Rebecca Black singles chronology
| "My Moment" (2011) | "Person of Interest" (2011) | "Sing It" (2012) |

Music video
- "Person of Interest" on YouTube

= Person of Interest (song) =

"Person of Interest" is a song by American singer Rebecca Black. It was released on the iTunes Store under the label RB Records, as Black's third single on November 15, 2011. The accompanying music video was also released on that day. The song received mixed reviews from critics, though they were not as critical as for her previous singles.

==Background==
On October 25, 2011, Black announced via Twitter that she was in the filming process of her music video for her upcoming single. Five days later Black confirmed that the title of the upcoming single was "Person of Interest". Later that day, Black spoke with mun2, a Latino broadcast channel. On November 10, she revealed the cover artwork for "Person of Interest" on her Facebook page.

==Composition==

The song is played in an E minor key and follows the chord progression C−G/B−Em for most of the song.
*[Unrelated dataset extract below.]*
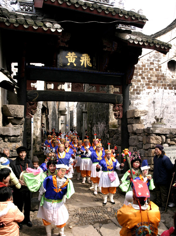第三张是板凳龙,有七十多条板凳连接起来,共有一百多米长,每条板凳上安装六、七盏灯笼,绕着村子的大街小巷、田畈蜿延而行。一是闹元宵的一种方式,增加热烈气氛,二是祈求平安、幸福、丰收。这是新昌县大市聚镇自古以来从未间断,每年的正月十五、十六晚上举行。今天晚上比咋天更热闹,请诸位摄友前来观摩。05756048160

Rebecca Black describes "Person of Interest" as "a love song but it's not a love song. It's about almost teenage crushes — when you're not in love yet but you really like a guy — which I'm really excited about because I don't think there are too many out like that. It's very much a dance type song. It will make you get up and dance and sing along in your car."
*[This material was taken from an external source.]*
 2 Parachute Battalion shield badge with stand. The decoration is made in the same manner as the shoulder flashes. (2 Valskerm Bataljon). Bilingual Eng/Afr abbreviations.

The song opens with Black singing "When I talk, you listen, I like that/When you listen, you smile and I like that/Why you lookin' lookin' at me just like that?" Near the end of the song, Black sings "Can't deny, you're implicated/In the mayhem in my mind/What has got me so frustrated/You should be mine, you should be mine"

==Reception==
"Person of Interest" received mixed to negative reviews from music critics. Entertainment Weekly admitted that the song "could totally pass as a throwaway Selena Gomez or early Miley Cyrus track, so she’s got that going for her in the teen-pop realm." James Montgomery of MTV News criticized the use of pitch correction on Black's vocals saying "Her voice is still lacquered with studio sheen, particularly on the chorus and the "emotive" breakdown toward the back end, when all the instrumentation falls away and we're left with nothing more than Black's squelched-yet-slippery vocals." Nora Gasparian of HollyscoopTV described the song as "corny" and said "The song actually sounds a lot like Katy Perry's "Last Friday Night (T.G.I.F.)" Lauren Croteau of KOvideo stated "The lyrics are lacking a bit but it's a far cry better than what we saw in "Friday"."

==Music video==
On November 3, 2011, Black posted a teaser of the music video on her YouTube channel and again on November 10 with a small sneak peek of the song playing in the background. "Person of Interest" and its music video were released on November 15, 2011. Within 48 hours of its release, the video received over 1,000,000 views on YouTube.

The video opens with the camera zoomed in on a police line. Black is then seen inside the police line describing to a police officer the appearance of her "person of interest" while the officer draws a sketch on a piece of paper. She is then seen competing in fun activities in an amusement park with her person of interest, a kid who resembles Justin Bieber, portrayed by Alex Constancio, such as mini-golf and riding on go karts. The video ends with Black walking off with her person of interest outside the police line. The video was shot at Golf N' Stuff in Norwalk, California, which is also known for having been a location in the movie The Karate Kid.